На холсте из дороги,
На акварели
Плачут зимние боги
У запертой двери.
 
1990

«Читаю лекции в старом парке…»

 
Читаю лекции в старом парке
О столпотворении в Вавилоне.
Вокруг лишь голуби да осины.
Зима недвижима, как в ломбарде.
Какое дело ей до предмета
Моих исканий, моих мучений…
 
1990

«Мой несчастный ангел на Фонтанке…»

 
Мой несчастный ангел на Фонтанке
Спрятался в Измайловском саду.
Выложила картами цыганка
Сонный путь, которым я иду.
 
 
И моя последняя отрада —
В запахе бумажных лепестков,
В лужицах простуженного сада
Несколько бензиновых мазков…
 
1990

«Как мерно тает сигарета…»

 
Как мерно тает сигарета,
И дым давно похож на лунный.
По мостовой стучит карета.
И муза скромного поэта
Поет гитарой семиструнной.
 
 
Звучит натянутое эхо
Над разведенными мостами.
И мне сегодня не до смеха —
Плыву в скорлупке из ореха
Под золотыми парусами.
 
1990

«В чернилах лист бумаги невской…»

 
В чернилах лист бумаги невской,
И шорох падающих капель
Под звук ночного клавесина
Теряет вес. Танцуют окна
В проемах черных переулков.
Фонарь единственный как будто
Стал тенью Росси…
 
1990

Детское село

 
Бродить, не думать ни о чем,
Приняв стихи за наважденье,
Любуясь сумрачным лучом
И лишь ему подвластной тенью;
 
 
Любуясь строгостью аллей
Перед дворцом Екатерины;
Смотреть, как сонные осины
Теряют линии ветвей;
 
 
В вечернем сумраке смешном
Курить, курить, сбиваясь с мысли,
И звать тебя в нелепый дом,
И путать имена и числа;
 
 
Дышать тобой и быть с тобой,
Идущей рядом по аллее…
О чем же я еще жалею,
Вдыхая царственный покой?..
 
февраль, 1991

Воспоминание

 
Все было ослепительно и ярко —
Какой зима представиться смогла!
От воска неуклюжего огарка
До четких линий Детского Села.
 
 
Все было бесконечно и морозно
В соборности подстриженных кустов.
И созерцанье было несерьезно
Коптящих небо вычурных мостов.
 
 
Все было не оправданно, но верно, —
Кого осудит зеркало палат?..
Лишь скрип шагов остался равномерный,
Орел, и крест, и Царскосельский Сад…
 
февраль, 1991

«Хочу, чтоб снова падал снег…»

 
Хочу, чтоб снова падал снег
На эти сонные аллеи,
И в черных сюртуках лакеи
Не открывали б новый век,
 
 
Как дверцы царских экипажей,
Среди зимы, среди огней,
Где вход парадный напомажен
Дыханьем графским, где князей
 
 
Приветствует зеркальный зал
Свечей смущенным трепетаньем,
И наполняет мир дыханьем.
Какой сегодня чудный бал!
 
 
И невесомое блаженство
Спешит к застывшему пруду
И ищет впопыхах звезду,
Слепую страсть и совершенство.
 
 
Но вот уж блик луны померк
И стало душно, тесно в залах,
Окошки вьюга открывала,
И зажигался фейерверк.
 
 
К утру затихло все. И вот
Десятилетья спутав кряду,
Спросонья дворник снег метет,
Стесняясь пушкинского взгляда…
 
1991

ТЕАТРАЛЬНЫЙ СЕЗОН (1991)

…Целый день мы суетились на Невском – всюду витрины, двери, озабоченные лица; серый снег на тротуаре и с неба; шипение автобусов и гарь; все невесомо, и все в тени от вавилонской башни.
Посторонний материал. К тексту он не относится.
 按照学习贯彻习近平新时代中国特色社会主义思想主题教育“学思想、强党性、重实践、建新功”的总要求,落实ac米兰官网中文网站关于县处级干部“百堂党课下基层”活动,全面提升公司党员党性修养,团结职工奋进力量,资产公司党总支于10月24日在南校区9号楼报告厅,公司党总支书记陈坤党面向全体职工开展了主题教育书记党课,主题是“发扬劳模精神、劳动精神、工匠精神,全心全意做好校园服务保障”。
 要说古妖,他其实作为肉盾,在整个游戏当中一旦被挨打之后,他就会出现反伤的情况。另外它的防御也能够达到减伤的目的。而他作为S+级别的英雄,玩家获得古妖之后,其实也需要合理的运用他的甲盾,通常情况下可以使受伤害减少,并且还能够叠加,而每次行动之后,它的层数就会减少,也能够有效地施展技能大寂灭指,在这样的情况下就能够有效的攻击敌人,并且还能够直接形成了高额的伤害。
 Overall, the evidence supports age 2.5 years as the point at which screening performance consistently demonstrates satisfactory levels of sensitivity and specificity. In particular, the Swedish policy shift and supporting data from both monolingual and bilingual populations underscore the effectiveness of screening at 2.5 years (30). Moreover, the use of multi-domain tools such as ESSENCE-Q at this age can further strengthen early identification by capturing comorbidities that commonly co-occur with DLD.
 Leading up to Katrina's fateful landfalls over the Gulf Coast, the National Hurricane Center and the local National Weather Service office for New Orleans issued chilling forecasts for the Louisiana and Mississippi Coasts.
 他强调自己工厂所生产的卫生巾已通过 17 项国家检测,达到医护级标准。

Наконец, выбрались на свободу – проходными дворами к пустоте старых улиц; долго курили на скамейке в чудном и молчаливом саду. Натка изредка поглядывала на часы, боясь опоздать в театр; но здесь совсем недалеко – два-три квартала. Она впервые в Петербурге…
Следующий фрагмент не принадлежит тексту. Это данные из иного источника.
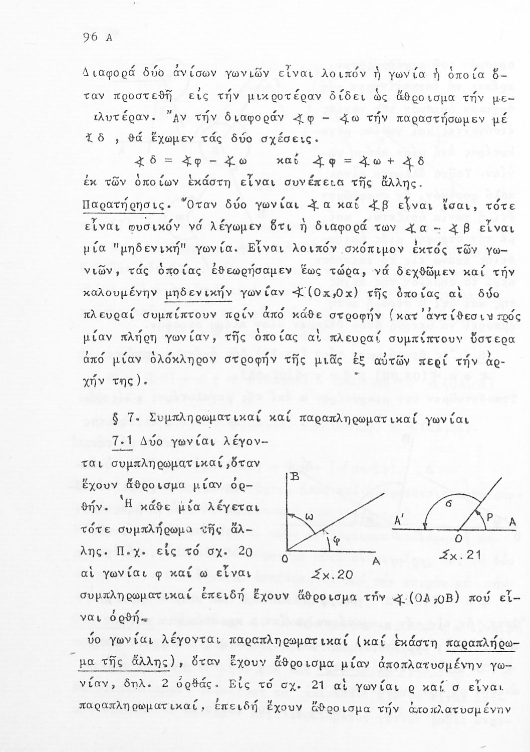 Σχολικό εγχειρίδιο Μαθηματικών Α' Γυμνασίου που περιλαμβάνει γεωμετρία με έμφαση στον υπολογισμό γωνιών και εμβαδού και άλγεβρας με έμφαση στους ακέραιους αριθμούς και τα κλάσματα. Φέρει το σύμβολο της δικτατορίας.
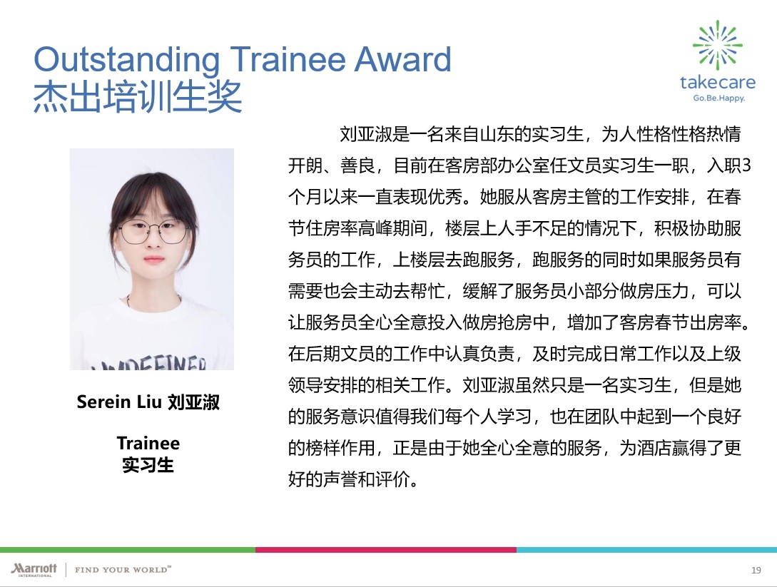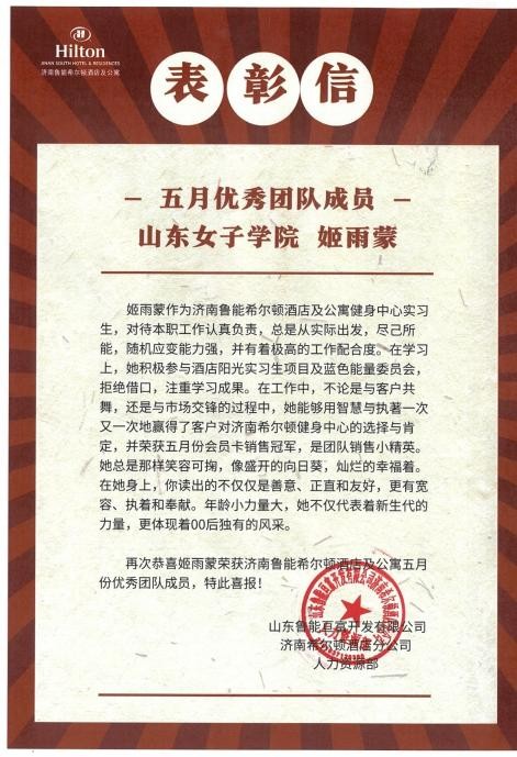 近日,旅游学院频频收到来自实习合作单位的喜报。学院2020级专科实习生孟慧在青岛金沙滩希尔顿酒店希才计划中脱颖而出,竞聘为餐厅实习生领班;实习生姬雨蒙在工作中认真负责,随机应变能力强,表现十分优异被济南希尔顿酒店及公寓评为“5月优秀月度员工”;实习生刘亚淑被湖州喜来登酒店评为“杰出培训生奖”。
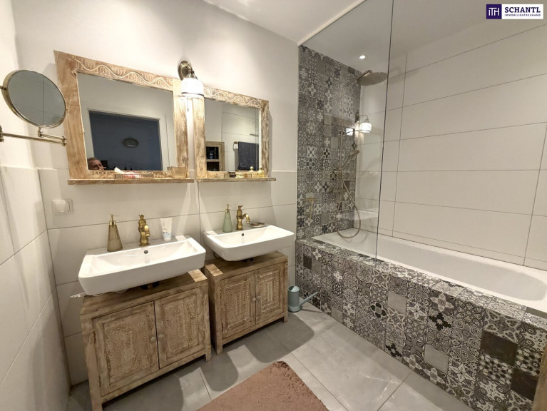 Auf rund 106,5 m² Wohnfläche entfaltet sich ein durchdachtes Raumkonzept: Zwei großzügige Schlafzimmer mit ca. 13 m² und 21 m², ein stilvolles Badezimmer mit Doppelwaschbecken und Badewanne, ein praktischer Abstellraum, sowie Toiletten auf beiden Ebenen schaffen eine perfekte Balance aus Komfort und Funktionalität.
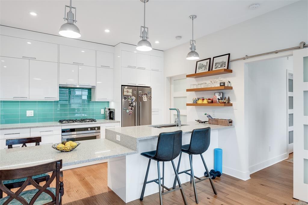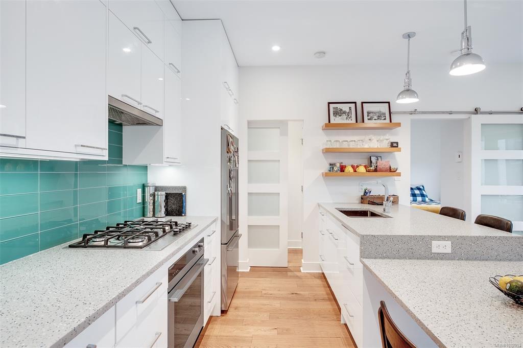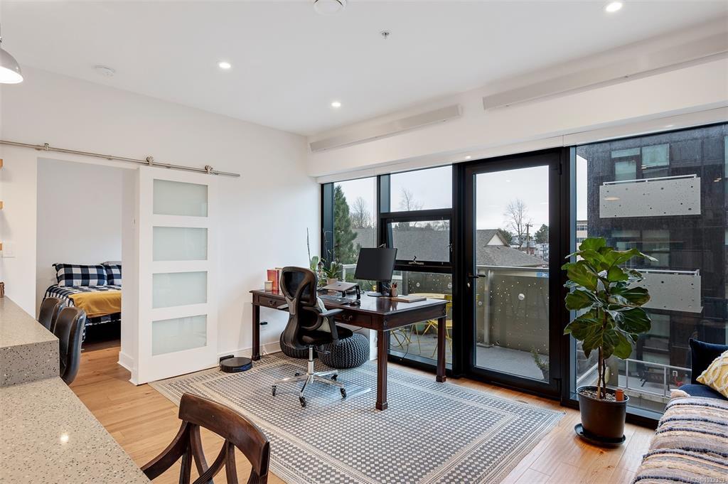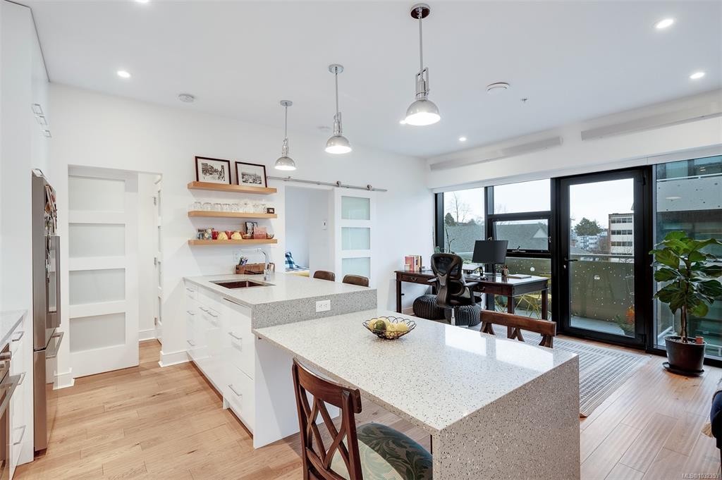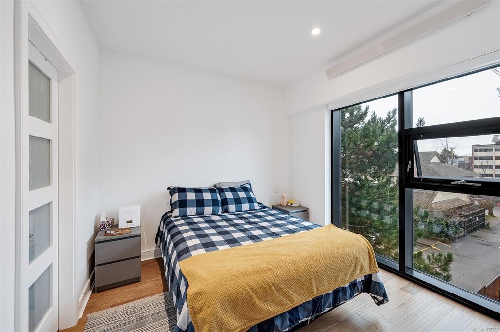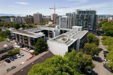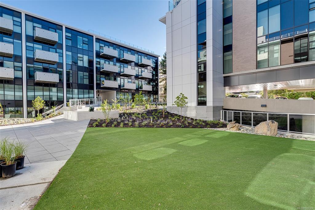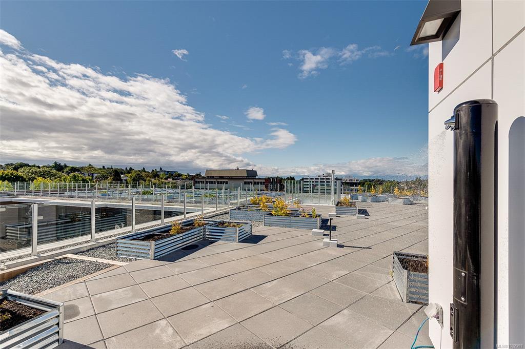 Elevate your lifestyle with this sleek and modern end-unit 2 bed 2 bath condo, built in 2021, located in the heart of downtown Victoria. This concrete and steel building combines urban living with ultimate convenience. Step outside to find the city’s coolest cafés, restaurants, and shops just moments away, or unwind on the stunning rooftop patio featuring garden plots. Inside, the 9-foot ceilings and open layout create a fresh and inviting vibe, with high-end finishes. Enjoy cooking with a premium gas range and quartz countertops, entertain effortlessly with two dishwashers, and indulge in the luxury of heated bathroom floors. In-suite laundry, underground parking, a storage locker, and bike storage. Whether you're a first-time buyer, a savvy investor, or looking for the perfect city pad, this unit offers flexible possibilities—including generating revenue as a mid-term furnished rental. Stylish, functional, and perfectly located, this home is your key to downtown cool living.
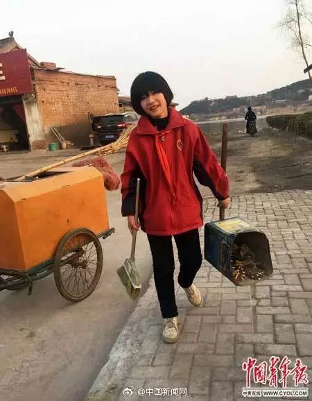 今年49岁的温秋平,在山西沁县当环卫工。女儿刘淼鑫从小就帮着妈妈干家务。从9岁开始,每到周末、节假日她都跟着母亲去扫马路,如今已经坚持了3年。她说:"俺多干点,俺妈就能少干点,这样可以让妈妈早点回家。"
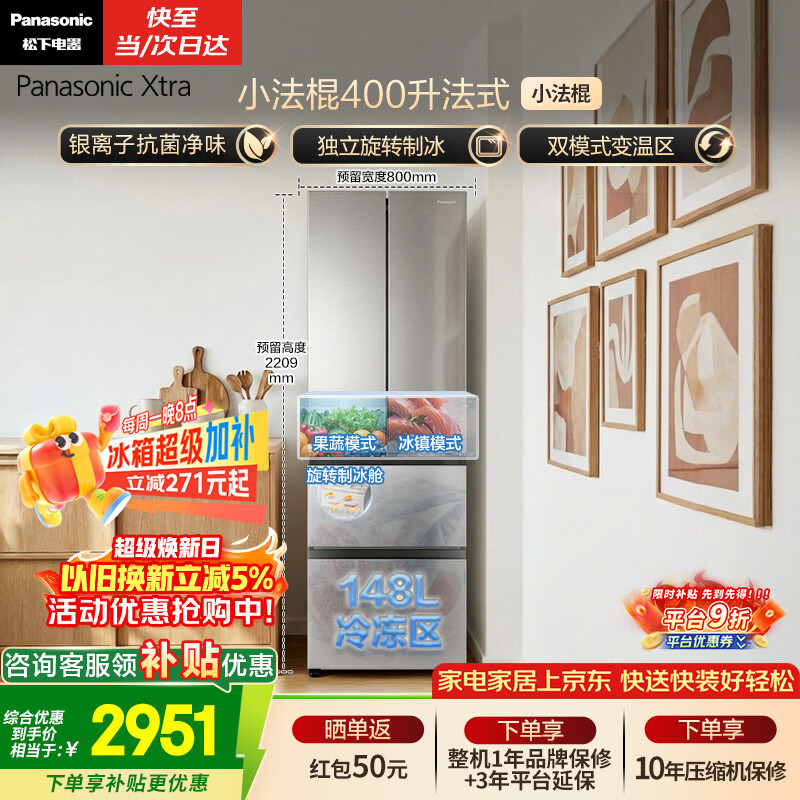 松下(Panasonic)Xtra小法棍400L法式多门冰箱家用小户型超薄风冷无霜以旧换新星际银NR-XG41PEB-S【国家补贴】

Я мну пальцами в кармане билеты, и что-то говорю о поэзии; весь город – поэзия; вековая строгость и грандиозность старых стен.

Уже вечер. И все становится неестественным и воровским; и в черных подворотнях уже чудятся острые ножи. Мы прибавляем шагу; Натка держит меня под руку – ей все же несколько не по себе в этой навалившейся пустоте, и она хочет быстрее попасть в теплое фойе, сдать в гардероб свое коричневое пальто и пройти в зал.

Я снова закуриваю – привычка: идти по улице и курить…

Улица пустынна и мертвенно бледна; но вот впереди, из арки, вышел щупленький старикашка и, словно споткнувшись, покачнулся и вдруг повалился на стену…

Вот, ему уже хорошо и на сегодня предостаточно; он сполз на тротуар и затих. Затем, словно услышав наши шаги, завозился, пытаясь подняться; мы прошли мимо…

Но вдруг Натка остановилась – ей показалось, что старик вовсе не пьян.

На нем серое залатанное пальто, широкие брюки и почти развалившиеся ботинки; и смотрел он в асфальт. Я толкнул его в плечо и проговорил нечто типа: «не спи, отец, замерзнешь». Пальцы его судорожно стали искать, за что бы зацепиться; он что-то мычал и пробовал оторвать от земли голову.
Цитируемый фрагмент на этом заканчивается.